◆ **Goal of the exercise**: Word for word, restate the lines of the data below between those holding "St. Yves Viscose Stripe V Neck Kemeja Wanita" and "Mavi Renkli, Jakarlı", inclusive; pictures do not belong in the copy.

◆ **The records**:
= Beginning of Section =

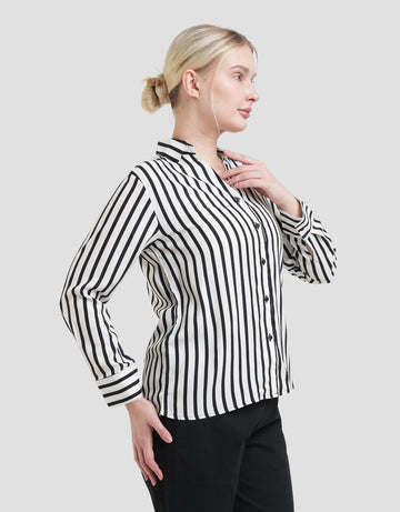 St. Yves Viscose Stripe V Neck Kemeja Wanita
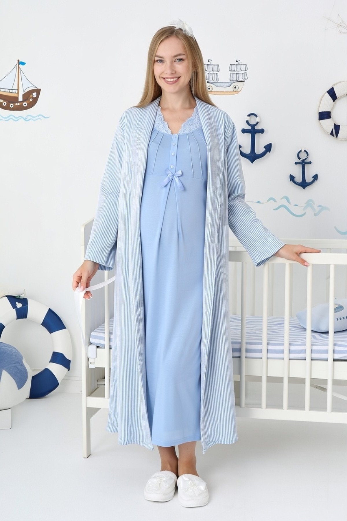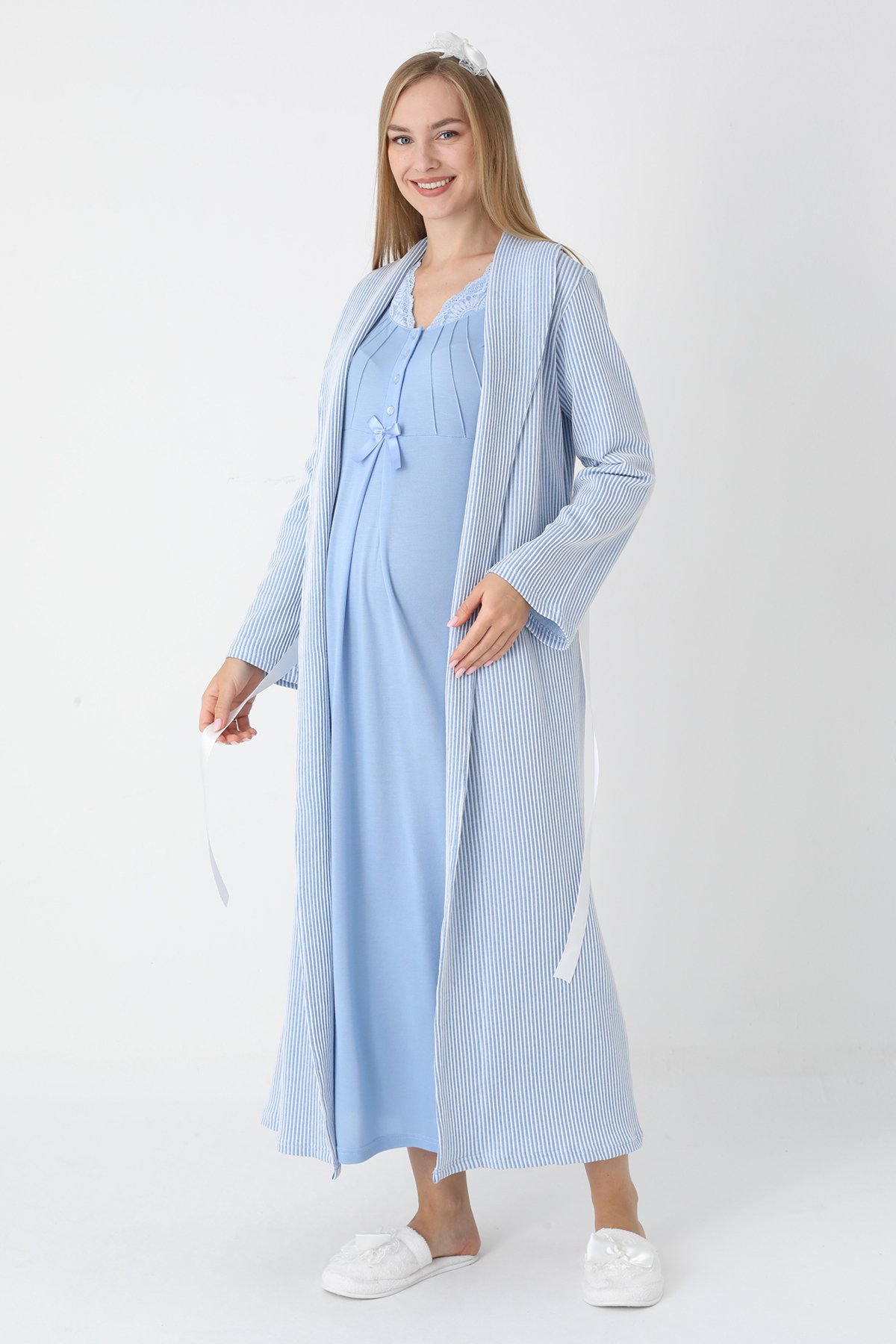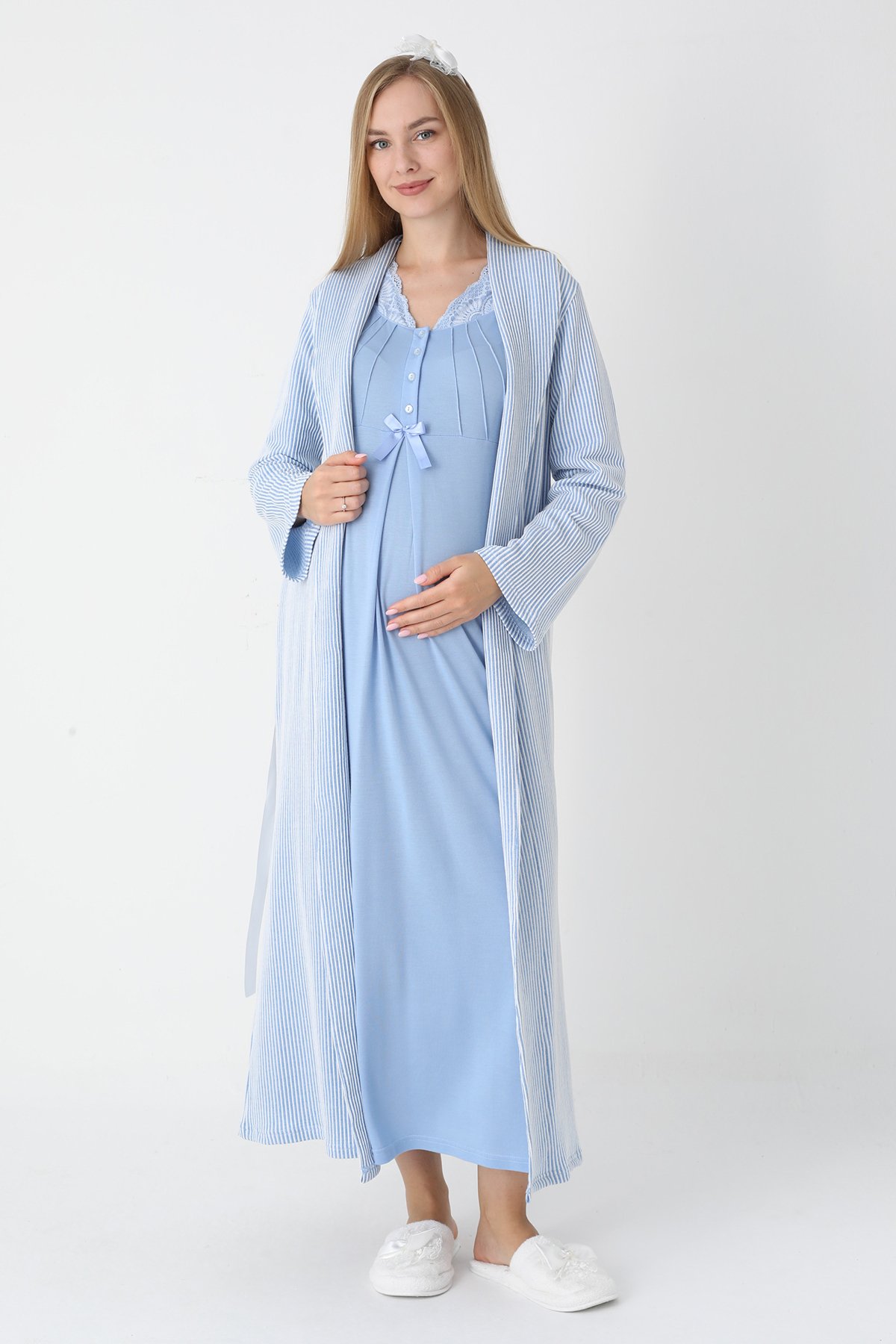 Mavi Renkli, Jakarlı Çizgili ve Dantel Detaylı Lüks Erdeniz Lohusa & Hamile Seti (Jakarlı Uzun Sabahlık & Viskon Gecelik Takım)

= End of Section =
= Beginning of Section =

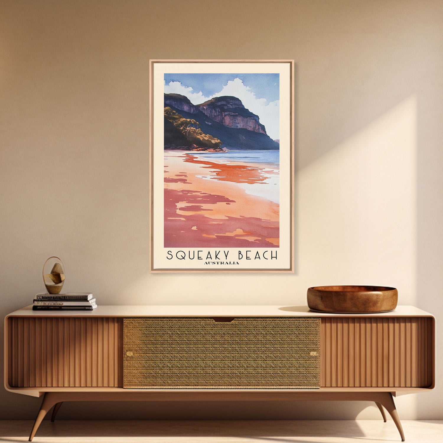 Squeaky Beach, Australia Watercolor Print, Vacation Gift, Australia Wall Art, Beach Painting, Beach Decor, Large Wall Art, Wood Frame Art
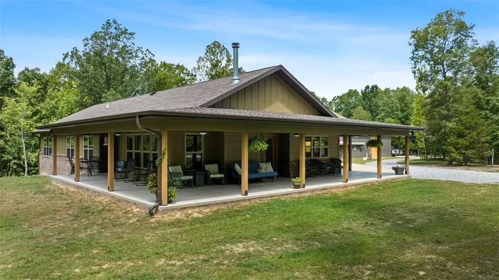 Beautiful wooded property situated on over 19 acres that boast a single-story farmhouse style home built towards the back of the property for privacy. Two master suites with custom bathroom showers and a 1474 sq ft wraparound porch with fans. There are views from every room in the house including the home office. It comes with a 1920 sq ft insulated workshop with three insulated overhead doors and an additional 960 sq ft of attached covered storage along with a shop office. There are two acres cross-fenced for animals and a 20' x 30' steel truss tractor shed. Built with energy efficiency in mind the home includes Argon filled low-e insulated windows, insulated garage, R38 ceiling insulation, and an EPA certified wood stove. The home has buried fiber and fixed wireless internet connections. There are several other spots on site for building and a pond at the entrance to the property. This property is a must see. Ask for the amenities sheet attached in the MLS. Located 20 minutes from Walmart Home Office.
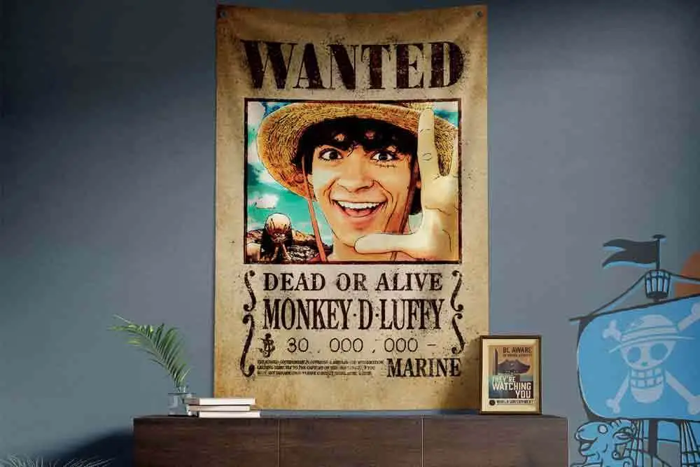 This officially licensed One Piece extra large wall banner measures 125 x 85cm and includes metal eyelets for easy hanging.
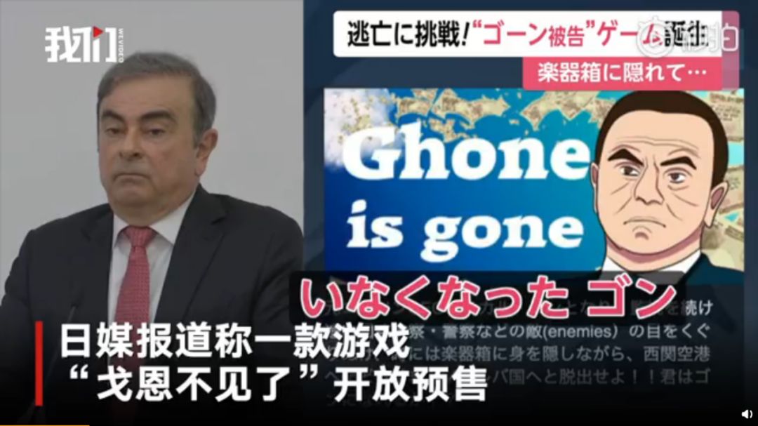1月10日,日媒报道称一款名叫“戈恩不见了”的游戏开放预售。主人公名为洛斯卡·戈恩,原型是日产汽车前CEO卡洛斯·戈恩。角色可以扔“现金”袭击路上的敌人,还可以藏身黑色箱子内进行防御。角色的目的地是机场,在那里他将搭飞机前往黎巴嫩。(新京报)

= End of Section =

◆ **Response to this task**:
 St. Yves Viscose Stripe V Neck Kemeja Wanita
 Mavi Renkli, Jakarlı Çizgili ve Dantel Detaylı Lüks Erdeniz Lohusa & Hamile Seti (Jakarlı Uzun Sabahlık & Viskon Gecelik Takım)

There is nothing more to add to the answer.